2

I have had experience of using Spark in the past and honestly, coming from a predominantly python background, it was quite a big leap. When I saw dask, I thought this would be a much better solution for distributed computing, however I seem to be running into an issue with simply reading in parquet files.

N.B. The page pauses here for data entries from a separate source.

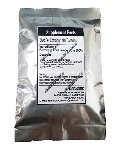 -. Binding : Health and Beauty -. EAN : 0726670566614 -. Feature : ORIGINAL PRODUCT FROM THAILAND ONLY. PURE PREMIUM GRADE DRIED POWDER 100% / After starting to use the Pueraria Mirifica capsules results will show after 4 - 6 weeks depending on the quantity of mammal in the breasts. The maximum incremental of the breasts will be achieved after 3 months of using Pueraria Mirifica. / Increases of breast size from 1 - 2 inches are possible (Pueraria Mirifica works for 90 % of woman) / ฺBreast became firmer and lifting, skin look lighter. / useful herb for post-menopausal women -. Label : herbal for health -. Manufacturer : herbal for health -. PackageQuantity : 1 -. ProductGroup : Health and Beauty -. ProductTypeName : HEALTH_PERSONAL_CARE -. Publisher : herbal for health -. Studio : herbal for health -. Title : 100 Caps. Pueraria Mirifica Powder Root Pure 100% Breast Augmentation 500 Mg. From Thailand -. UPC : 726670566614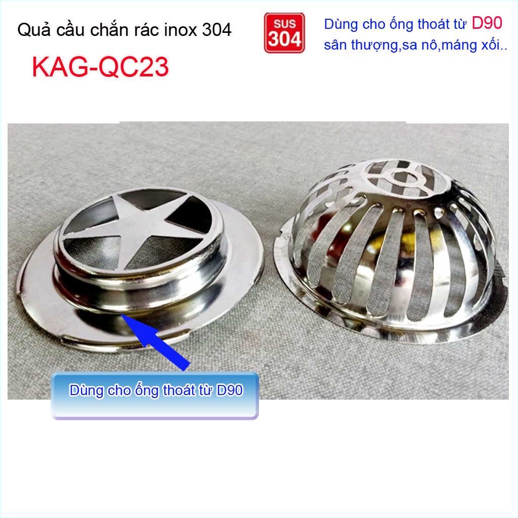 Giới thiệu Cầu chắn rác sân thượng D90 KAG-QC23 inox SUS304, cầu chặn rác đặt miệng ống D90 thoát nước mưa thoát nhanh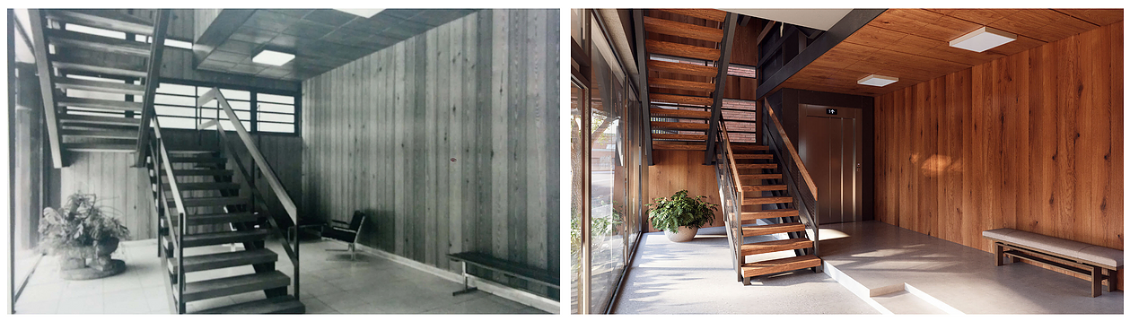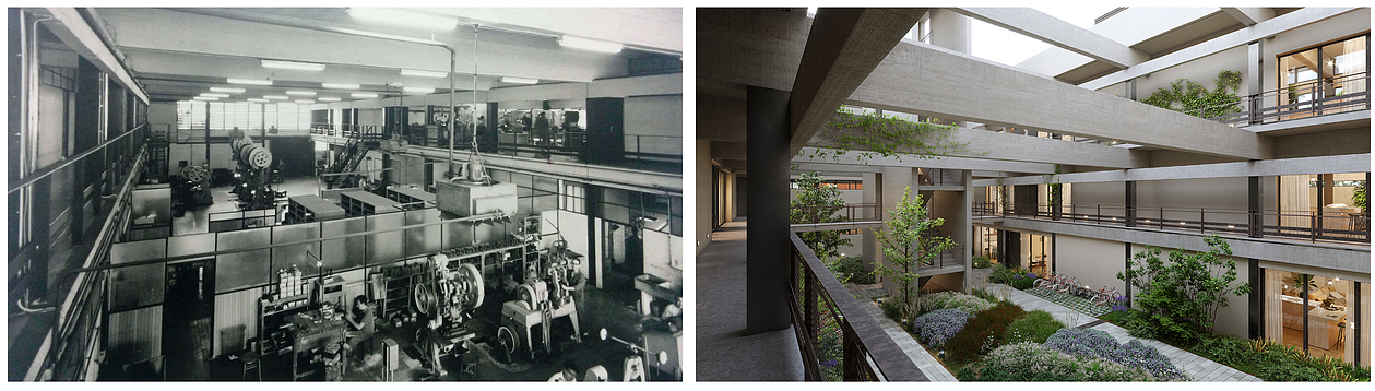 La reconversió de l’edifici, d’estil brutalista i catalogat com a patrimoni de nivell C, ha salvaguardat l’estètica de l’antic vestíbul recobert de fusta. El terrat-magatzem ha esdevingut una piscina panoràmica amb vistes a la torre Glòries i al mar, mentre que l’antiga sala de màquines és un pati verd al que donen tots els replans. Així, si bé alguns trets arquitectònics s’han respectat, el canvi d’ús absolut i l’absència d’elements contextualitzadors han esborrat a la pràctica la memòria manufacturera d’aquest indret.

I have an s3 bucket, say s3://some-bucket/. And within this I have my parquet files saved as hive paritioning, as shown below.

├── year=2019
    └── month=01
    └── month=01
    └── ....     
└── year=2020
    └── month=01
        └── day=01
            ├── datasource=browser
                └── ...
            └── datasource=iphone
                └── part2.parquet
                └── part2.parquet
        └── ...

There is no _metadata or _common_metadata file.

To demonstrate how much slower reading these are in dask compared to Spark I can provide an example. In Spark, the following takes ~ 90 seconds:

df = spark.read.parquet("s3://some-bucket/year=2020/month=04/")


df.createOrReplaceTempView("df")

res = spark.sql("SELECT column1, SUM(column2) FROM df GROUP BY column1")

res = res.toPandas()  # convert to pandas to be fair to dask, but we know this isn't fast in spark

The exact same thing in dask takes ~ 800 seconds:

cluster = YarnCluster()

# Connect to the cluster
client = Client(cluster)

cluster.scale(10)

df = dd.read_parquet("s3://some-bucket/year=2020/month=04/*/*/*.parquet",
                     columns=["column1", "column2"], 
                     engine="pyarrow",
                     gather_statistics=False,
)

res = df.groupby('column1').column2.sum().compute()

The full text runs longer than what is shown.